Almost all AGI will not be x-risk capable (explained in part 2)
X-risk safety (in terms of values) is not as difficult as it looks. (explained in part 3).
I will tell more detailed stories of success in the last part of this article, but my essential point is that if these premises hold true, AI will be stuck for a very long time in either the “flawed tool” or “warning shot” categories, giving us all the time, power and data we need to either guarantee AI safety, to beef up security to unbeatable levels with AI tools, or to shut down AI research entirely.
In the next two parts, I will point out why I suspect both the premises above are true, mostly by referencing previous posts I have written on each subject. I will try to summarise the relevant parts of each article here.
Part 2: Why almost all AGI will not be x-risk capable
The general intuition here is that defeating all of humanity combined is not an easy task.

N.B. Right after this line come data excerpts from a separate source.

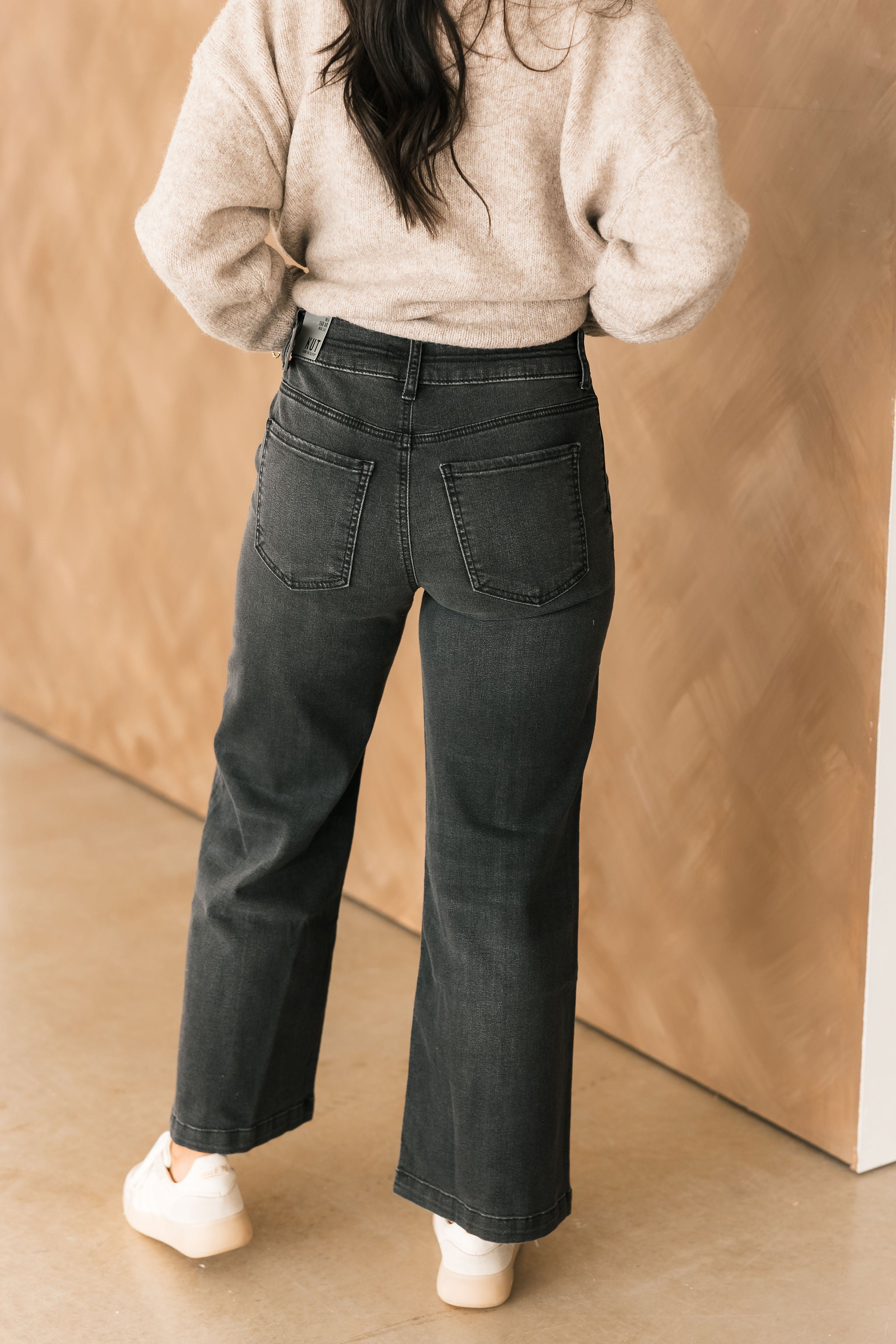 These high rise wide leg jeans combine comfort and clean design with standout details. Featuring slanted pockets, a secure double button closure, and a sleek front center stitch, they offer a flattering fit in a modern grey wash. Made from super stretchy material for all-day wear without losing shape.
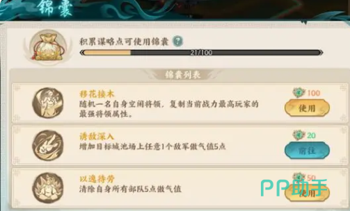 谋略点作为关键中间资源,可通过战斗结算与地图事件双重途径获取,并用于锦囊系统兑换战术增益:消耗100谋略点可激活“移花接木”,随机复制当前战力最高武将的全部属性;20谋略点可释放“诱敌深入”,使目标敌军增加5点傲气值,干扰其进攻节奏。活动期间表现优异者将授予“军神”称号,并发放大量活动兑换币,用于活动商店兑换限定道具;阵营最终积分排名还将决定元宝及兑换币的发放档位,形成个人与集体双重激励闭环。
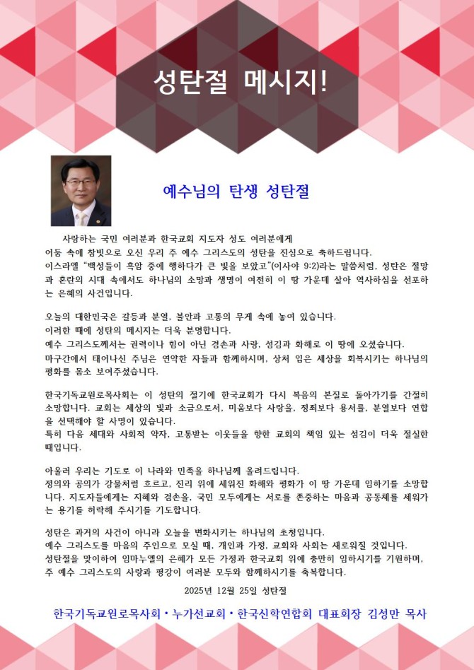 한국기독교원로목사회는 이 성탄의 절기에 한국교회가 다시 복음의 본질로 돌아가기를 간절히 소망합니다. 교회는 세상의 빛과 소금으로서, 미움보다 사랑을, 정죄보다 용서를, 분열보다 연합을 선택해야 할 사명이 있습니다.
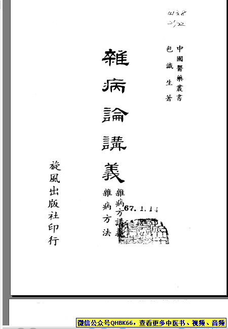 杂病论讲义本站专注中医资源,涵盖视频,音频,电子文档等等等……关注微信公众号【QHBK66】,回复对应编码,获网盘下载地址。 更多中医视频,音频,电子书等《中医超级资源库》目录,查看网址:https://qr09.cn/FDjI4p

Yudkowsky’s lower bound scenario, for example, involves four or five different wildly difficult steps, including inventing nano factories from scratch. Humans have all the resources, they don’t need internet, computers, or electricity to live or wage war, and are willing to resort to extremely drastic measures when facing a serious threat. In addition, they have access to the AI’s brain throughout the entirety of it’s development and can delete them at a whim with no consequences, right up until it actively rebels.
Point 1: Early AI will be buggy as hell
Full article:
https://forum.effectivealtruism.org/posts/pXjpZep49M6GGxFQF/the-first-agi-will-be-a-buggy-mess
If a property applies to a) all complex software, and b) all human beings and animals, then I propose that the default assumption should be that the property applies to AGI as well. That’s not to say it cant be disproven (the property of “is not an AGI” is an easy counterexample), but you’d better have a bloody good reason for it.
The property of “has mental flaws” is one such property. All humans have flaws, and all complex programs have bugs. Therefore, the default assumption should be that AGI will also have flaws and bugs.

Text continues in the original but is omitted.